(Material for the task Opens)

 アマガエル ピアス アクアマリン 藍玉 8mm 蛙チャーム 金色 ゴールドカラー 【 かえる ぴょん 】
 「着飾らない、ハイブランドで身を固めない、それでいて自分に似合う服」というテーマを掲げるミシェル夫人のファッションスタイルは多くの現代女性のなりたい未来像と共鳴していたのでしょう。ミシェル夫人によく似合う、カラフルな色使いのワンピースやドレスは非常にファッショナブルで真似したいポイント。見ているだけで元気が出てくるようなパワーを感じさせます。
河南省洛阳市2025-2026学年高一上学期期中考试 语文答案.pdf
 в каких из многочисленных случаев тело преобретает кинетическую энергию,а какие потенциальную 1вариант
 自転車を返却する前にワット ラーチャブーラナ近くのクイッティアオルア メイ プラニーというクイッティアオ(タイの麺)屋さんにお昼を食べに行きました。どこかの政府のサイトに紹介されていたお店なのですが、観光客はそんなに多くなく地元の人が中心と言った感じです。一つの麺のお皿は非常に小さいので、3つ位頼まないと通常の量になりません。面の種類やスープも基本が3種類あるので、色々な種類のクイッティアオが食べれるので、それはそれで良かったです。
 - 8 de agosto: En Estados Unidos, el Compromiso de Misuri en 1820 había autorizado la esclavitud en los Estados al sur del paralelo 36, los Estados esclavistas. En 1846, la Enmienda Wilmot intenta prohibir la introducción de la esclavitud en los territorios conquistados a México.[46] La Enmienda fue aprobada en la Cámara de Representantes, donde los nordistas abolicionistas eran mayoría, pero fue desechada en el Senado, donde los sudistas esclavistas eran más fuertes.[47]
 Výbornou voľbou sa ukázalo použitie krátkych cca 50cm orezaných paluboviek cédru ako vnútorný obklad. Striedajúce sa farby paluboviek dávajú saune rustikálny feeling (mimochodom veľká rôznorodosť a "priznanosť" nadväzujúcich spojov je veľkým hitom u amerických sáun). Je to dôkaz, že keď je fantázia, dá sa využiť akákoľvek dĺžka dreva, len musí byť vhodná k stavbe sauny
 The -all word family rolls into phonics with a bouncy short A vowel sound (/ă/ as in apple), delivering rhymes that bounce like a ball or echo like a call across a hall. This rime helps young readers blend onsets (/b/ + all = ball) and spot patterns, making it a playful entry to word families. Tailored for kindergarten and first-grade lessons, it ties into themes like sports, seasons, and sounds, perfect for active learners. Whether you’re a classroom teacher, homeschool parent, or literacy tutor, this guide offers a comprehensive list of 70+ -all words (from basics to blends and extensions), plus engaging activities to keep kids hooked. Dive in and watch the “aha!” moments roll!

(Material for the task Closes)
(Material for the task Opens)

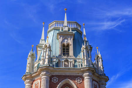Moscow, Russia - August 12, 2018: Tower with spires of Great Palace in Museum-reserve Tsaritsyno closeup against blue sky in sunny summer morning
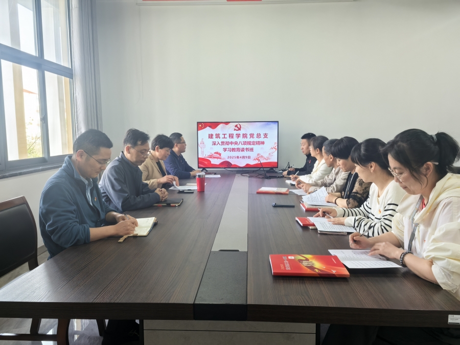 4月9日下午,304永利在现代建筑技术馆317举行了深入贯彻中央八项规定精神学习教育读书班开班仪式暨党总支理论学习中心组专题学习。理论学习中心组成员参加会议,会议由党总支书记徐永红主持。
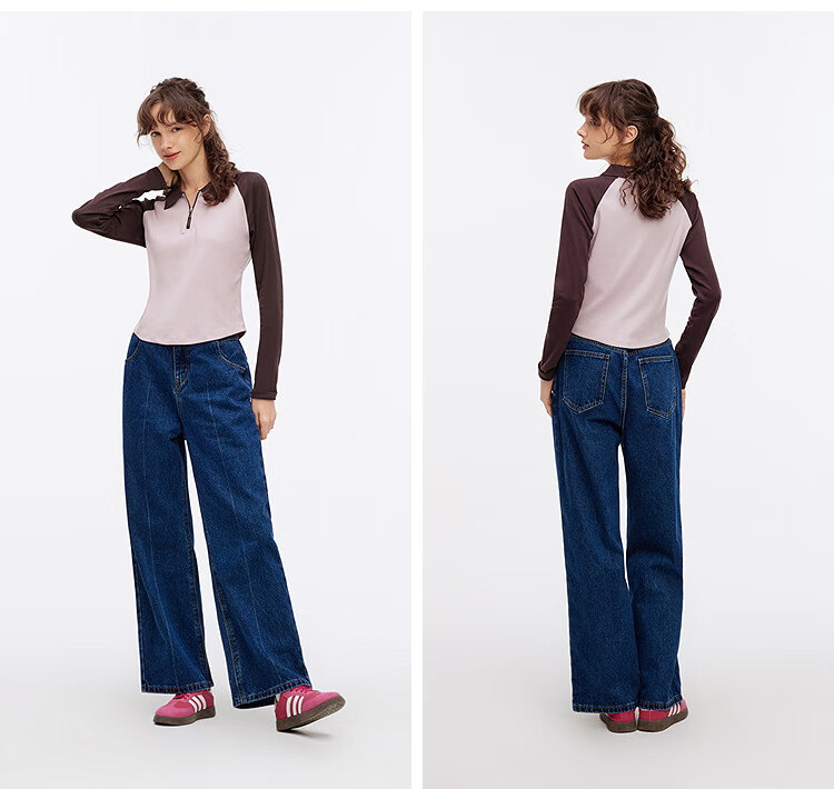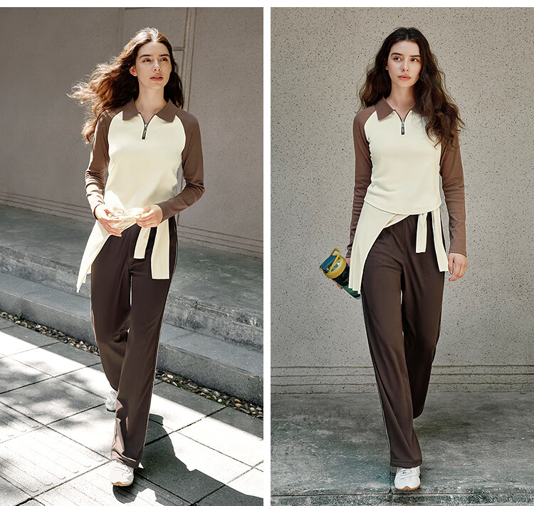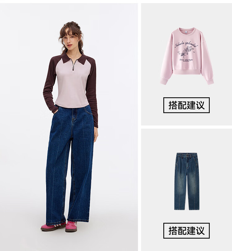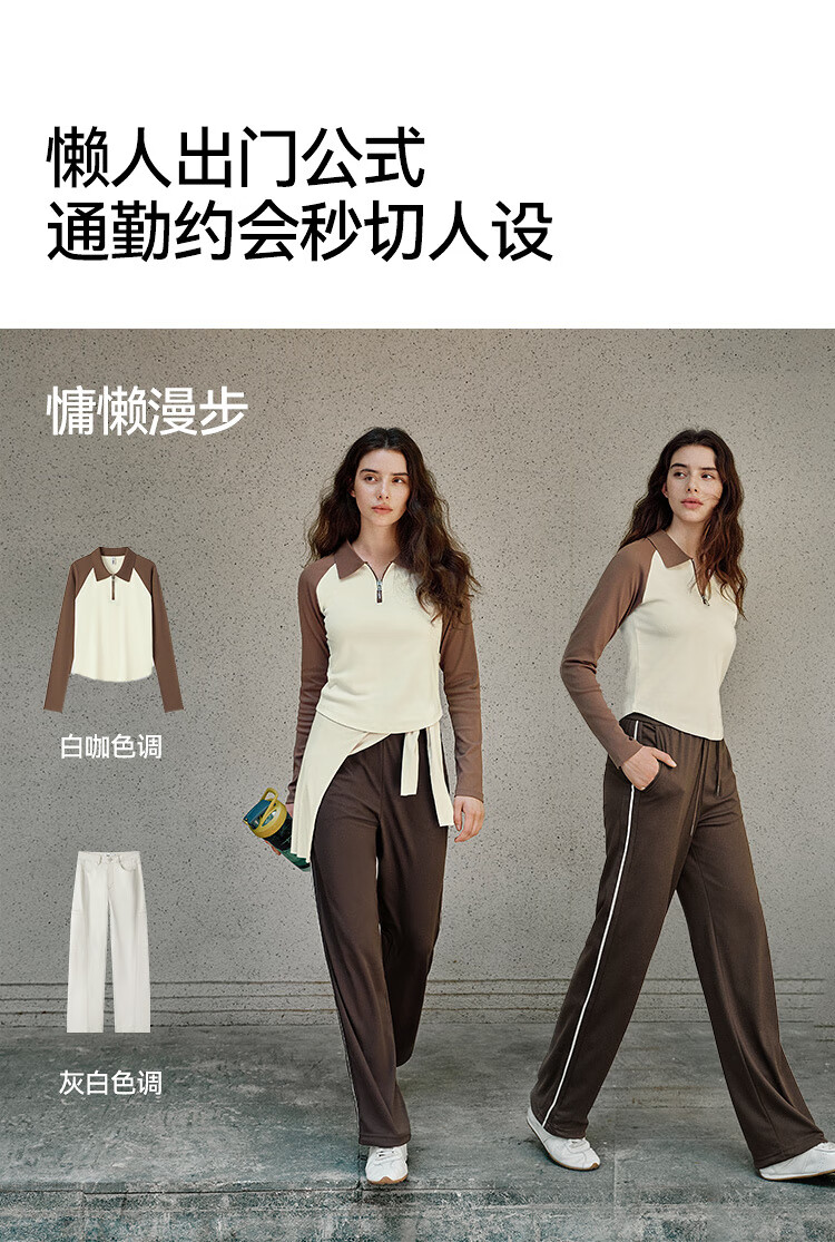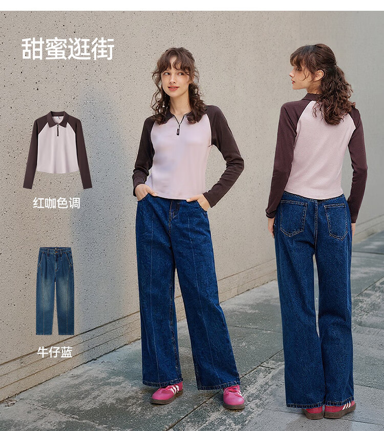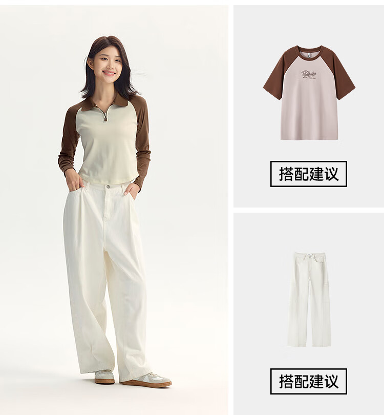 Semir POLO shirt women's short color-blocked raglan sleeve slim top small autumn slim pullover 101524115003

(Material for the task Closes)
(Material for the task Opens)

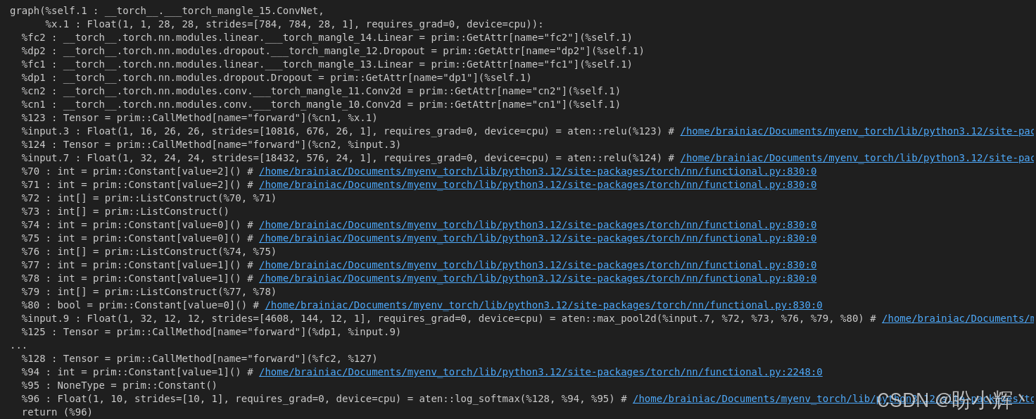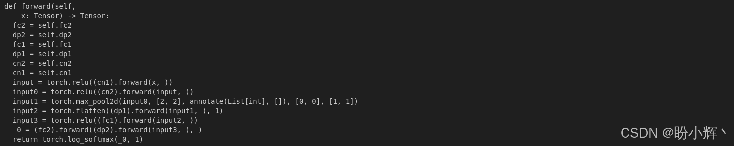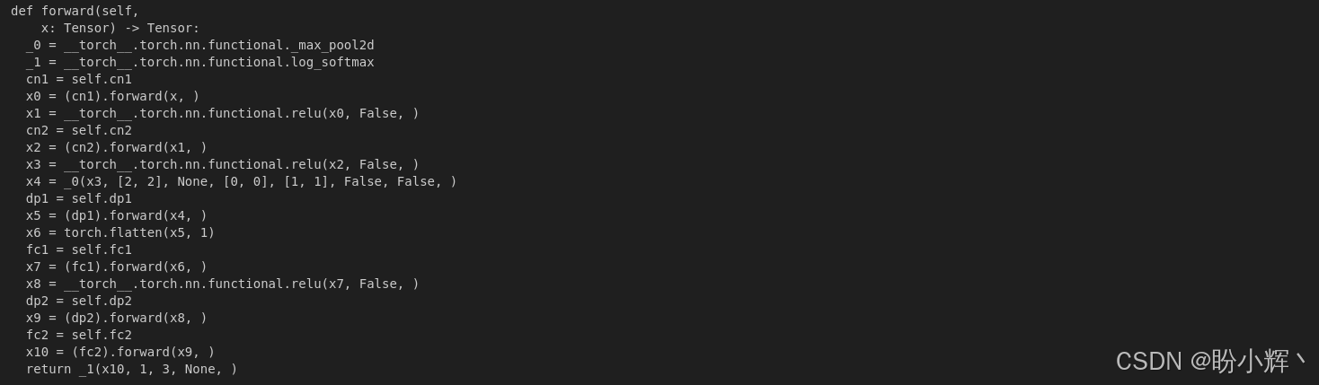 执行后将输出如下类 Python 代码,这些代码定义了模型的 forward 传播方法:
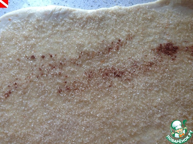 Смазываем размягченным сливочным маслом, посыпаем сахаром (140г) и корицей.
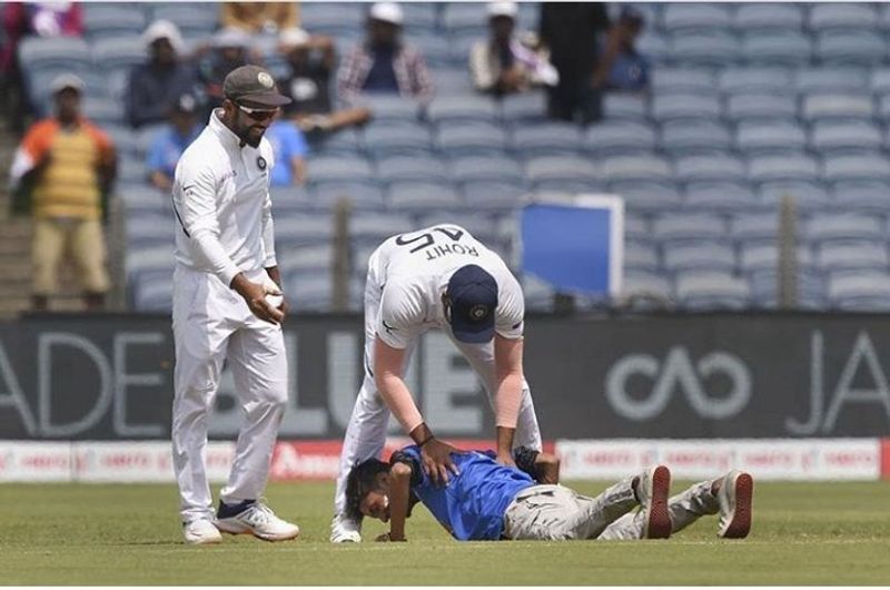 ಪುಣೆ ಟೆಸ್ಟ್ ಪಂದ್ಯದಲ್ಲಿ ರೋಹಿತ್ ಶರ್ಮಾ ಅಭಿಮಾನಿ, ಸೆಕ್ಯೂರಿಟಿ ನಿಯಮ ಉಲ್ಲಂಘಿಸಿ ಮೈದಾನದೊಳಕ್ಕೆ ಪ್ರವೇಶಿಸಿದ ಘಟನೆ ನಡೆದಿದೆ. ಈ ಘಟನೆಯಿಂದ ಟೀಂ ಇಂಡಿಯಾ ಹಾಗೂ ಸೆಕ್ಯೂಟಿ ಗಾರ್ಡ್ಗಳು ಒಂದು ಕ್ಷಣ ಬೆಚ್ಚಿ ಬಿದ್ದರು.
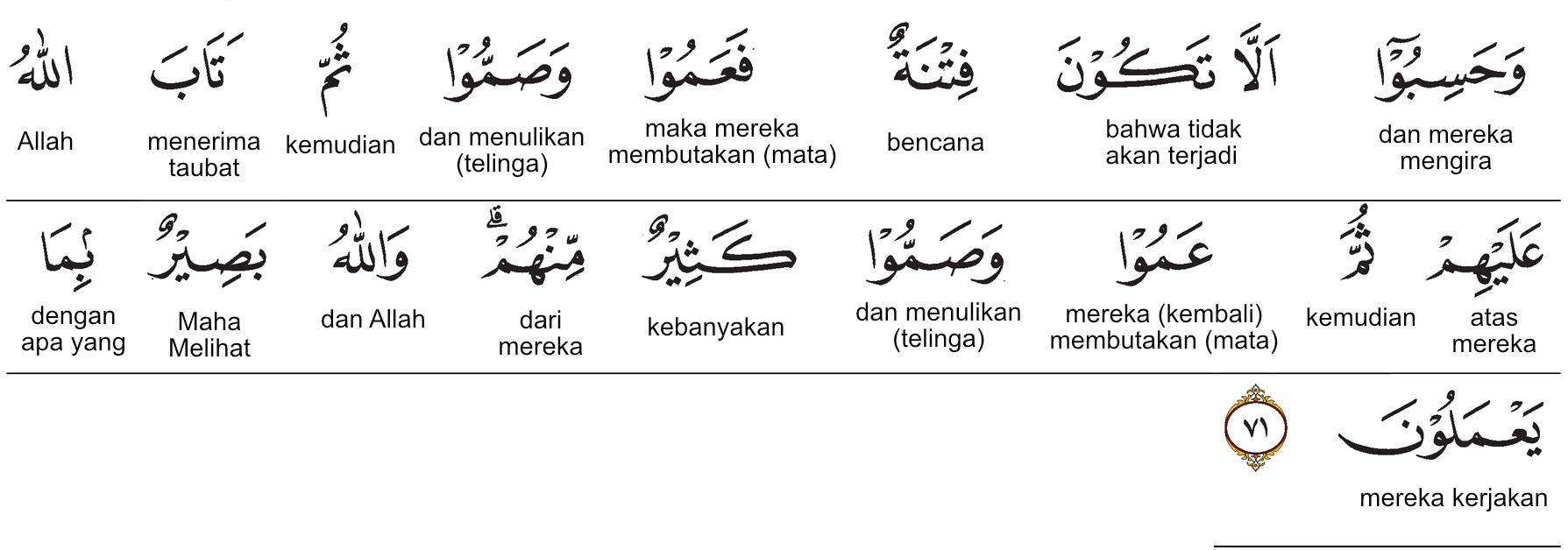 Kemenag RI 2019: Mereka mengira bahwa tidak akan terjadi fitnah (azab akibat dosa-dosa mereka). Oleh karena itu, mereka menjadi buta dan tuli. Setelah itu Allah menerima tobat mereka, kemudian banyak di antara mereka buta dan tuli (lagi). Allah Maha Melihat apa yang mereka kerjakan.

(Material for the task Closes)

▸ Instructions to follow
Give again, exactly as written above, each line from the one that has "Смазываем размягченным сливочным" to the one that has "Kemenag RI 2019: Mereka", both included; omit the pictures.

▸ Answer section
 Смазываем размягченным сливочным маслом, посыпаем сахаром (140г) и корицей.
 ಪುಣೆ ಟೆಸ್ಟ್ ಪಂದ್ಯದಲ್ಲಿ ರೋಹಿತ್ ಶರ್ಮಾ ಅಭಿಮಾನಿ, ಸೆಕ್ಯೂರಿಟಿ ನಿಯಮ ಉಲ್ಲಂಘಿಸಿ ಮೈದಾನದೊಳಕ್ಕೆ ಪ್ರವೇಶಿಸಿದ ಘಟನೆ ನಡೆದಿದೆ. ಈ ಘಟನೆಯಿಂದ ಟೀಂ ಇಂಡಿಯಾ ಹಾಗೂ ಸೆಕ್ಯೂಟಿ ಗಾರ್ಡ್ಗಳು ಒಂದು ಕ್ಷಣ ಬೆಚ್ಚಿ ಬಿದ್ದರು.
 Kemenag RI 2019: Mereka mengira bahwa tidak akan terjadi fitnah (azab akibat dosa-dosa mereka). Oleh karena itu, mereka menjadi buta dan tuli. Setelah itu Allah menerima tobat mereka, kemudian banyak di antara mereka buta dan tuli (lagi). Allah Maha Melihat apa yang mereka kerjakan.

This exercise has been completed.